Katie Gronda drove in two runs for East Coast Tsunami.
By Rich Bevensee
Kayleigh McClain completely covered her right wrist and lower forearm with KT tape as a precaution, and she had been diligent with her icing and stretching. And still, after every pitch and every swing of the bat, the 15-year old pitcher was masking the pain which stemmed from tendonitis.
Which made her performance on Sunday afternoon in the quarterfinal round of the Finch’s Aces Fall Invitational that much more exceptional.
McClain gutted through five innings and kept the damage to a minimum while her fourth-seeded East Coast Tsunami 18U Gold teammates got the offense humming early en route to a 7-4 victory over the fifth-seeded EC Bullets 16U White at Diamond Nation in Flemington.

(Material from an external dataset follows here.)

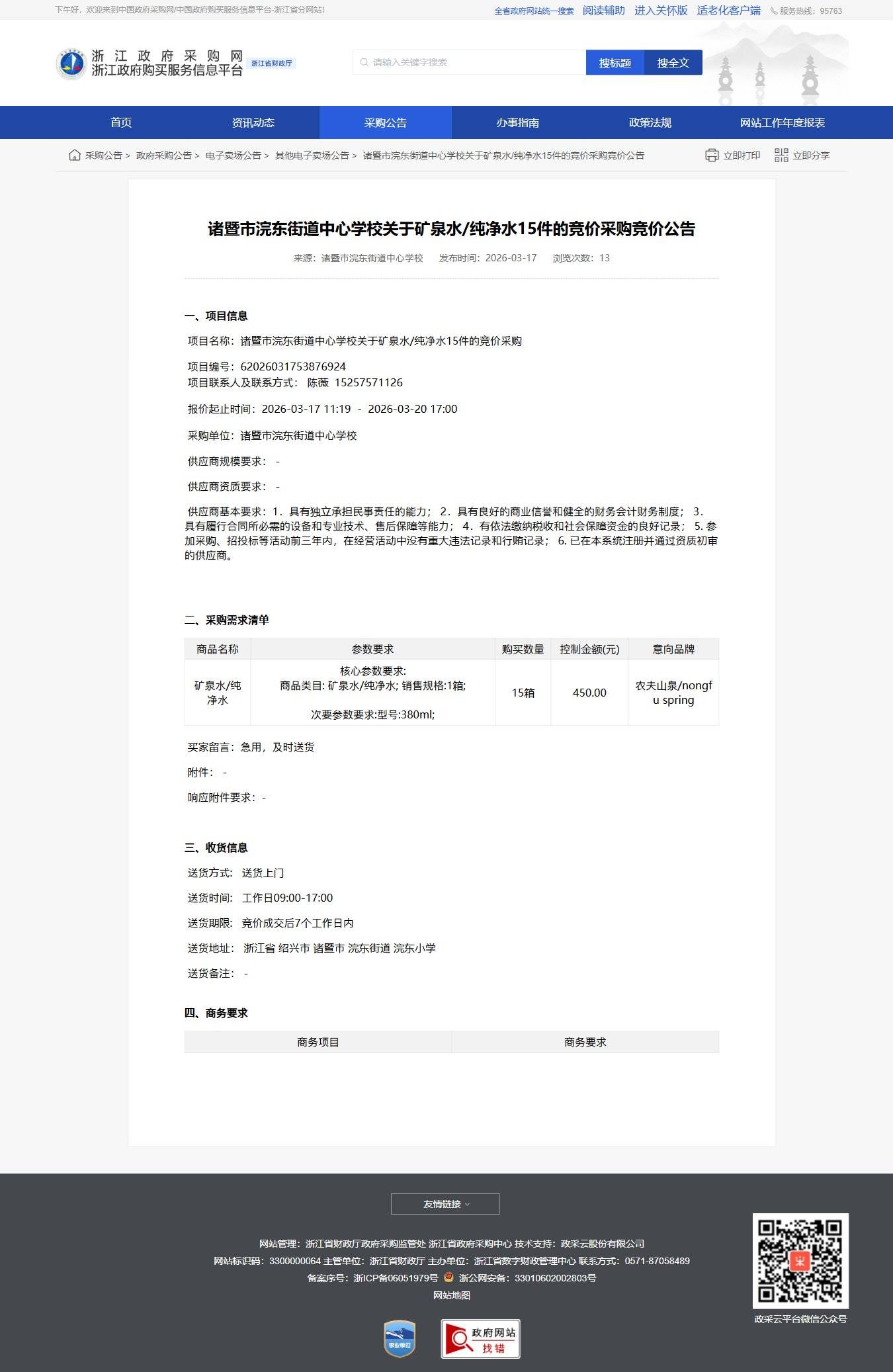 浙江關于礦泉水純凈水15件的競價采購競價公告諸暨市浣東街道中心學校

“Honestly I try to tough it out the best I can,” said McClain, a Randolph sophomore who said her pain level was a 7 on a 1-10 scale while allowing four runs on seven hits and no walks with three strikeouts.

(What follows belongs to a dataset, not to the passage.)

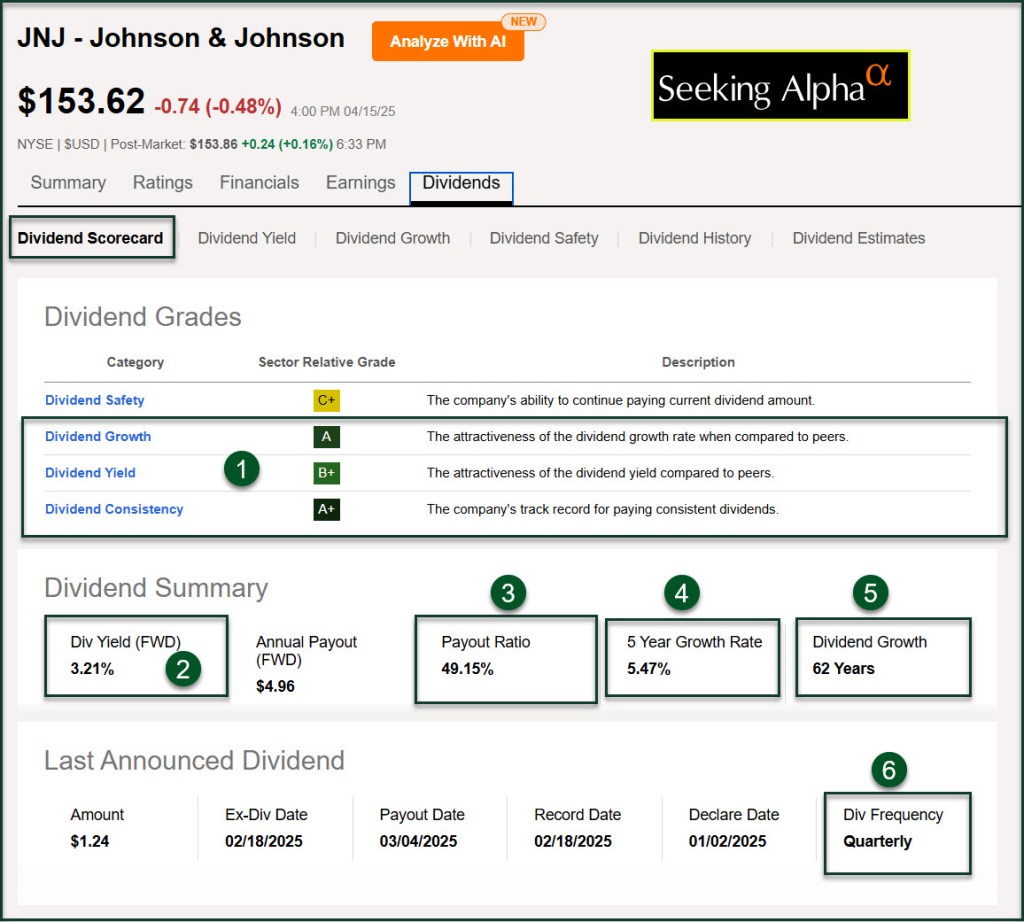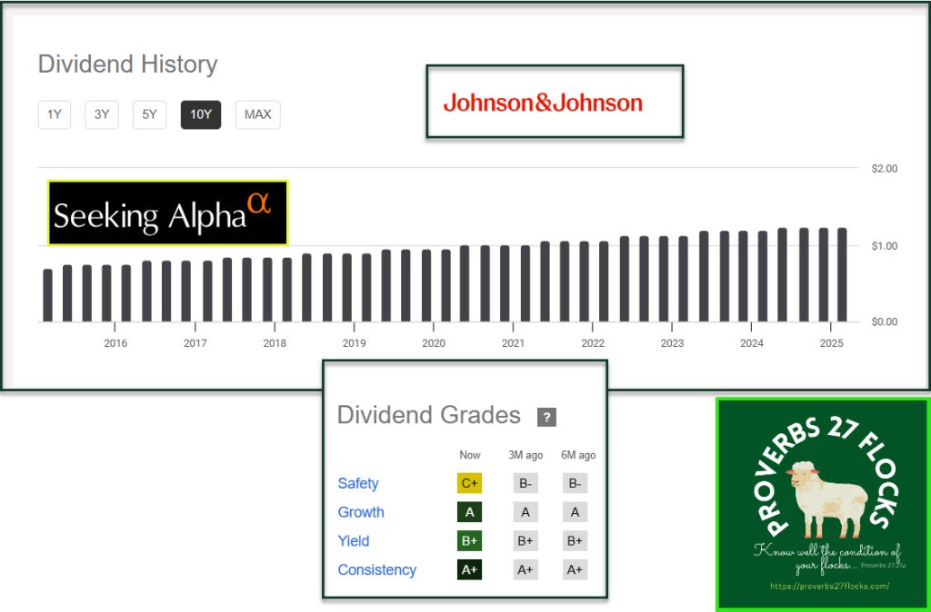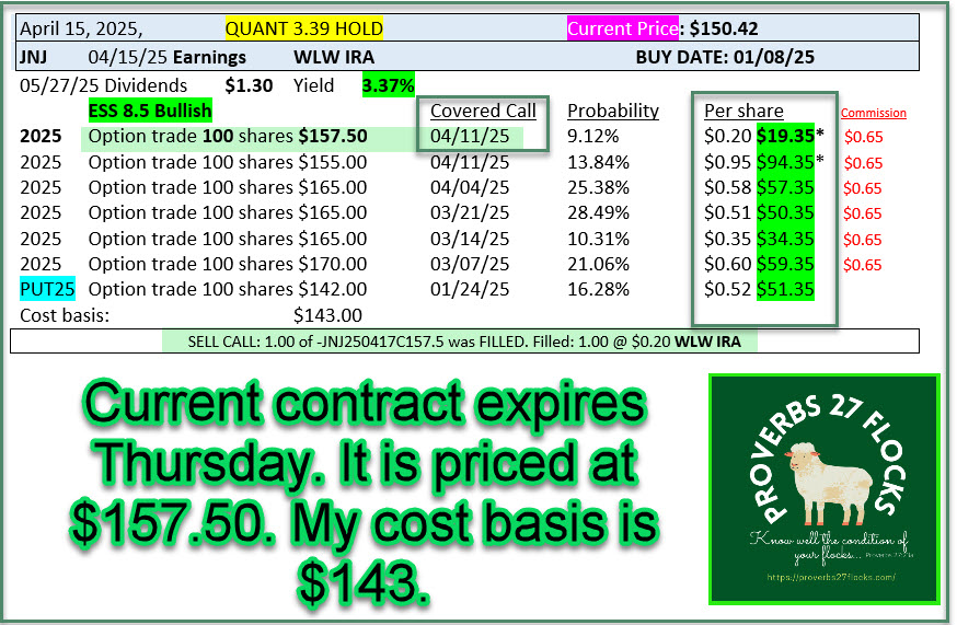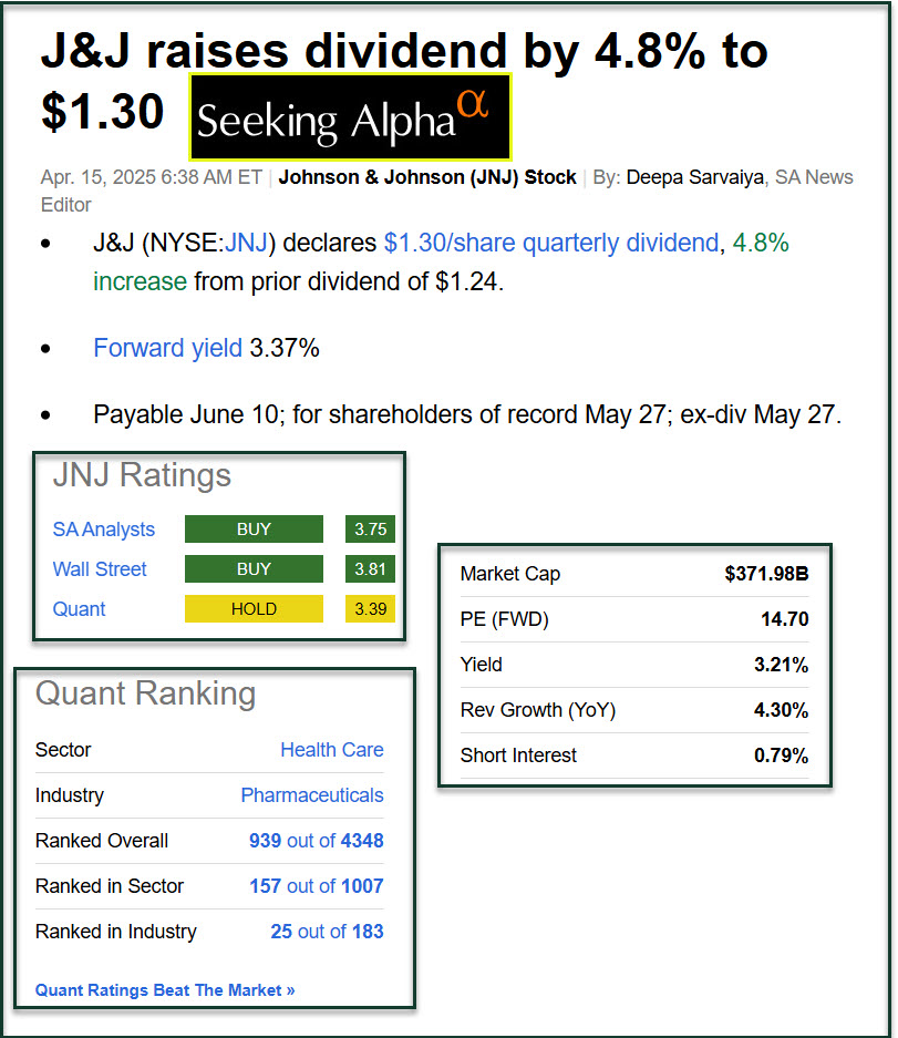 Finally, as you would expect, I look at Seeking Alpha before buying or selling an investment. JNJ has a very, very long history of paying increasing dividends. The payout ratio is perfect: 49.15%, and the yield is a decent 3.21%. Bear in mind that my “yield” is greater than that due to options trades.

“I can feel it on my release, but when I’m batting is when it hurts the most,” she said. “I make sure I’m staying in touch with my coaches and if it’s getting too bad we’ll make some changes.”
But McClain never asked for relief. She gave up a pair of runs in the second and fourth innings but otherwise kept the Bullets at bay with fastballs, drops and changeups. She stranded runners at third in the first and third innings, and she pitched a clean fifth to squash the Bullets’ hopes.
“I thought she played amazing today,” said Tsunami catcher Katie Gronda, a senior at Passaic Tech. “I know during the summer she wasn’t even able to throw a ball. To see how far she’s come, averaging 52 miles an hour, is amazing. Her pitching today was on point. She was hitting her spots inside, outside, up, down. I’m very proud of her.”
“Kay is Steady Eddie,” Tsunami coach B.J. Martin said. “She doesn’t get too high, doesn’t get too low. Nothing rattles her. She mixes her pitches well, and the most important thing is she’s confident and she owns the mound.”
The Tsunami saw its tournament ride cut short by Finch’s Aces 18U-Cahill in the semifinals and finished the weekend 2-3.
Kayleigh McClain ignored pain in her wrist and lasted all five innings for the East Coast Tsunami.
The Bullets, who in pool play lost to the Tsunami, 1-0, and suffered a heartbreaking 7-5 loss to eventual champion Central PA Havoc Elite, concluded their weekend 0-4.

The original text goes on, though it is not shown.